Tuesday, September 1, 2009

Consistent and unified error handling in Biztalk 2006

To provide your solution an unified and consistent treatment of exception handling in biztalk 2006 these factors must be fulfilled or at least looked into.

• Standardize how application exceptions are detected and caught in the BizTalk envi-
ronment, i.e., messaging and orchestration subsystems.
• Provide common patterns that allow automated processes to react and manage appli-
cation exceptions.
• Provide a loosely coupled exception management pattern that facilitates reuse.
• Develop a common reporting paradigm of application exceptions and their available
message state that applies to any BizTalk subsystem.

The first important thing you have to do is enabling "Enable routing for failed messages" on receive port.

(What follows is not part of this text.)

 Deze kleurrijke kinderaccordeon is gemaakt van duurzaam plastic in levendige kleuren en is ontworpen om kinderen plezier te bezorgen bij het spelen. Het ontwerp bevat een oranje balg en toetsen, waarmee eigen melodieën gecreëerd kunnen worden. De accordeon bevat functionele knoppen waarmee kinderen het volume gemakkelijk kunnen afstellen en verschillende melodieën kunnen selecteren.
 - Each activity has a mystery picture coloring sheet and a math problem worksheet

The consequence is that instead of suspending the message the message will be published and a several properties will be promoted to the message context.


Now we have the ability to subscribe on all errormessages using System.Xml.XmlDocument for message type and evaluating the property ErrorType in namespace ErrorReport:

If orchestration Activate==true and Filter expression like:
(ErrorReport.ErrorType == "FailedMessage")
If filter on send port:
(ErrorReport.ErrorType == FailedMessage)

Thursday, August 13, 2009

Asynchronous integration for service oriented integration using Biztalk Server 2006



Three different strategies among asynchronous integration using biztalk server 2006.
  1. Client-side asynchrony
  2. Asynchronous integration with polling
  3. Asynchronous integration with callback
Although option 1 may be the easiest to construct, it is essentially a synchronous SOAP interaction that just appears to be asynchronous to the client code because the connection between the client and the service remains active throughout the whole interaction. Option 1 is therefore not a good choice.

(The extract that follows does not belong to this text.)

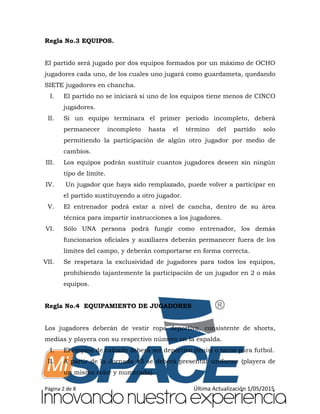 Este documento presenta las reglas para el Torneo Interdepartamental SPACE 2015. Establece las dimensiones de la cancha, los equipos participantes, el equipamiento requerido, la duración de los partidos, las faltas y tarjetas, y los procedimientos para lanzamientos, saques y cobros de faltas. El objetivo es fomentar la sana competencia y evitar agresiones, con un máximo de ocho jugadores por equipo excluyendo al portero.

The difference between option 2 and 3 is more about where you want to hold the state. Option 2 holds the state on server-side, in this case Biztalk Server. Option 3 holds the state on the web server using the global cache. Both servers are multithreaded and quite efficient at keeping state for many concurrent requests. Both options are good choice and is more about where you have your skills and limitations and which area you're focusing on.

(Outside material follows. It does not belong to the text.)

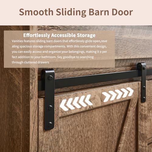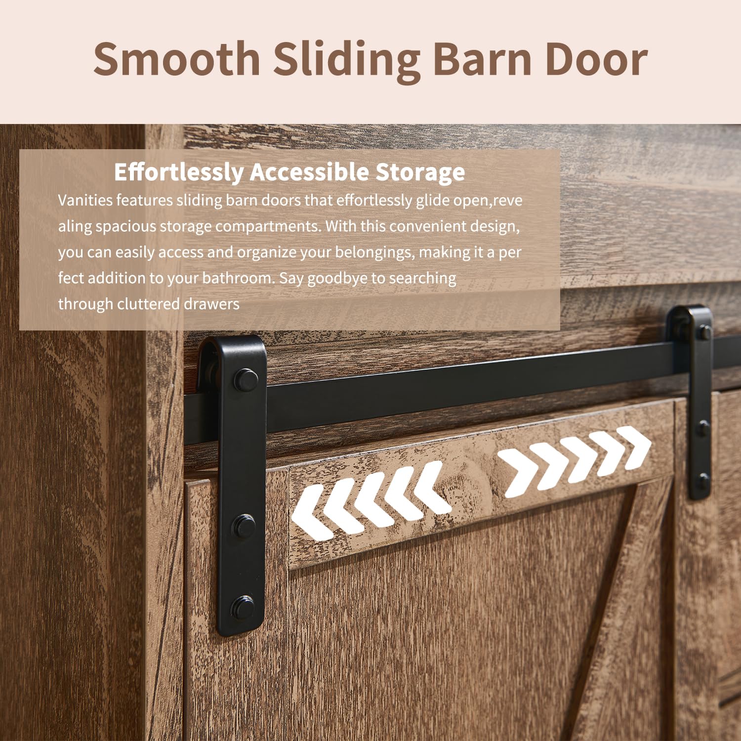 - THOUGHTFUL DESIGN: Sliding Barn Doors and Cabinet tracks of the Bathroom Vanity With Sink are made of sturdy, durable hardware to ensure long-term reliability for everyday use. The modern black metal handles feature a water-resistant coating to prevent rust, and the smooth groove design allows the drawers to open and close easily and securely

Option 2 requires a little extra work on the BizTalk Server to ensure proper correlation and to allow the concurrent servicing of multiple requests. Option 3 requires additional coding effort in the Web server to maintain and to clear the global cache.

I will highlight option 2 in more detail and discuss a few aspects you have to take care of.
  1. First the client request with a customer id and server responds with a unique correlation id. An import detail here is to initialize the correlation set on the Send shape so the server knows which client should be correlated to the future poll request. Furthermore the process makes asynchronous requests to host systems. (The parallell branch is not true asynchronous, see "Parallel shape behaviour in BizTalk 2004 and >2006" of Yossi Dahan. A better choice for true asynchronues design is using self correlated ports and Start orchestration). The responses from the host systems aggregates into one message and is ready to be sent out. I'm using atomic scope to ensure transactional consistentency when adding the responses to the list.
  2. The client polls the server with the actual correlation id. The request shape follows the initialized correlation set to correlate the correct instance. If the service has completed its work the server responds with the result otherwise it responds with an empty message. If not a correct correlation id is sent in the server responds with a soap exception. The left branch uses infinite looping to ensure listening for client polling requests. One important thing to mention is that you have to set the orchestration to long running and a corresponding timeout(in my case 60 seconds), otherwise you could increase the actual instances and bloating the server resources.